Sunday, October 9, 2011

Not a LOSER

I had lost in the competition, not being able to perform excellently as how I expected. Well, I am quite used to losing, sounds like I had never won before. It's true that I neither won nor stand out in any of the competitive events. Not that I don't want to, but I hate the fact that I am not able to. In other words, I am good at losing not winning ; I am just a participant to make the winner shine brighter in my dimness, a  byplay to make the hero heroic, a side dishes to make the main course look delicious, a green leave that contrasts the beauty of a flower. If this is the role which is given by God, He is the Director and I have to accept whatever He gives, even being a loser in this melodrama.

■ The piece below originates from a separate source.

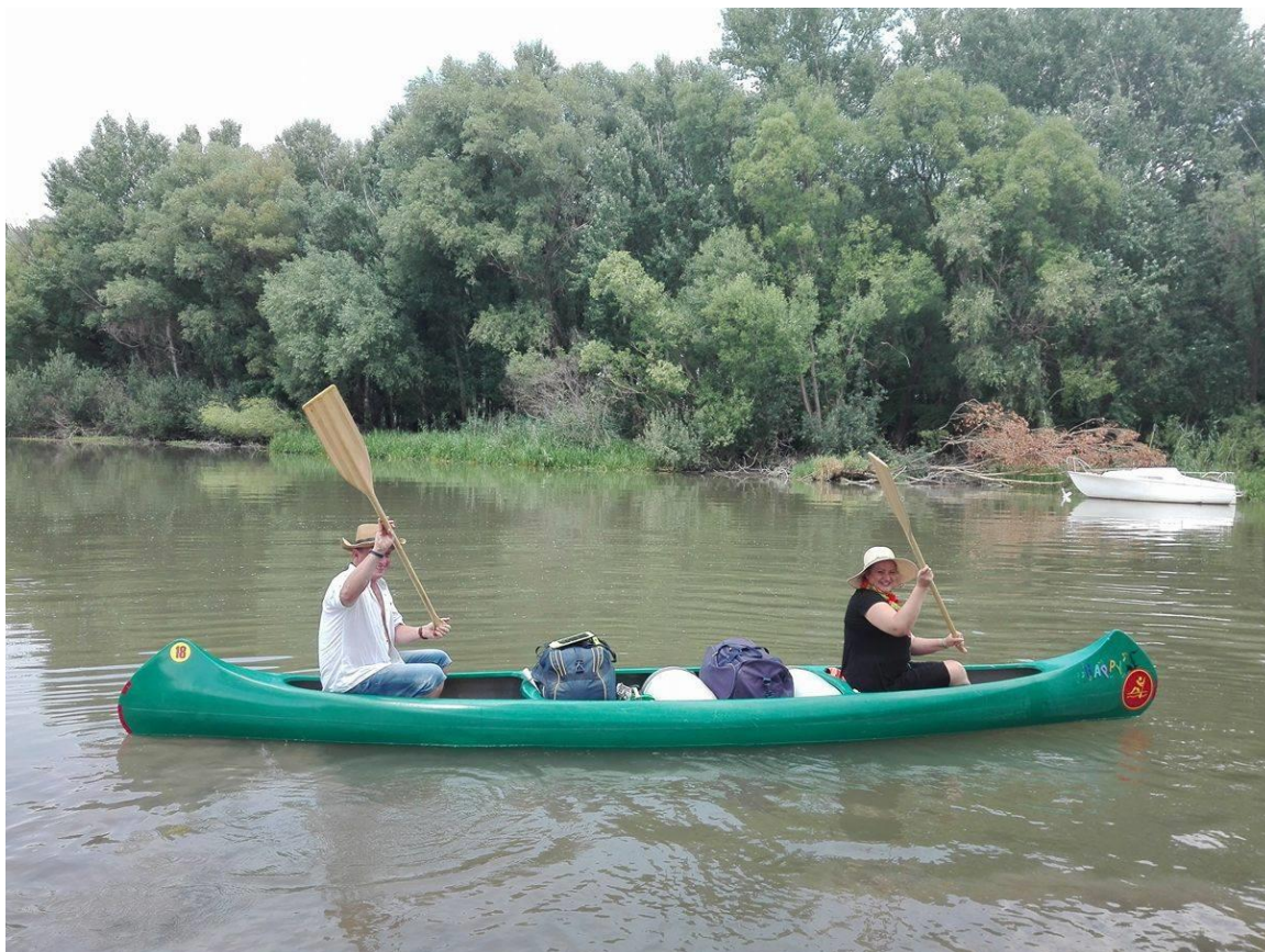
1. Kép: Búcsú Mecsénél

mi is húszas éveink közepét tapostuk. Eltávolodunk egymástól, s ők hazafelé veszik az irányt mi pedig megkezdjük életünk egyik nagy kalandját.

Little did I know that I am such a naughty one; being a loser, I don't get appreciated for taking the place no one else would take, but I am freaking happy too to see the goddamn long faces that my lecturers gave after I lost. Oops, I am so sorry that I had disappointed you, but don't you think that you owe me a goddamn apologize for   making me a loser? My disability does reflect your teaching capability, thus, if I'm a loser , then you are a sucker!

I don't mind losing, but the consolation from those insensitive people deserve  little gratitude from me.I can share the joy with my friends, though I am not in the wining shoes, can you? I have the courage to fight the giants even I may look like a pity grasshopper to them, can you? I have the strength to swim against the oceans of odds, can you? I have bravery to pick myself up from the dirt, can you? I have the boldness to stand up for injustice, can you? I have the sincerity to love those who might stab my back, can you? I do all these without a gold medal but all in secret, can you?

If you can't do what I do, then stop calling me  loser. Because I am not a loser, just because of a stupid competition. I can't run fast, but I'll never stop running until I reach the goal.Because I am not a loser.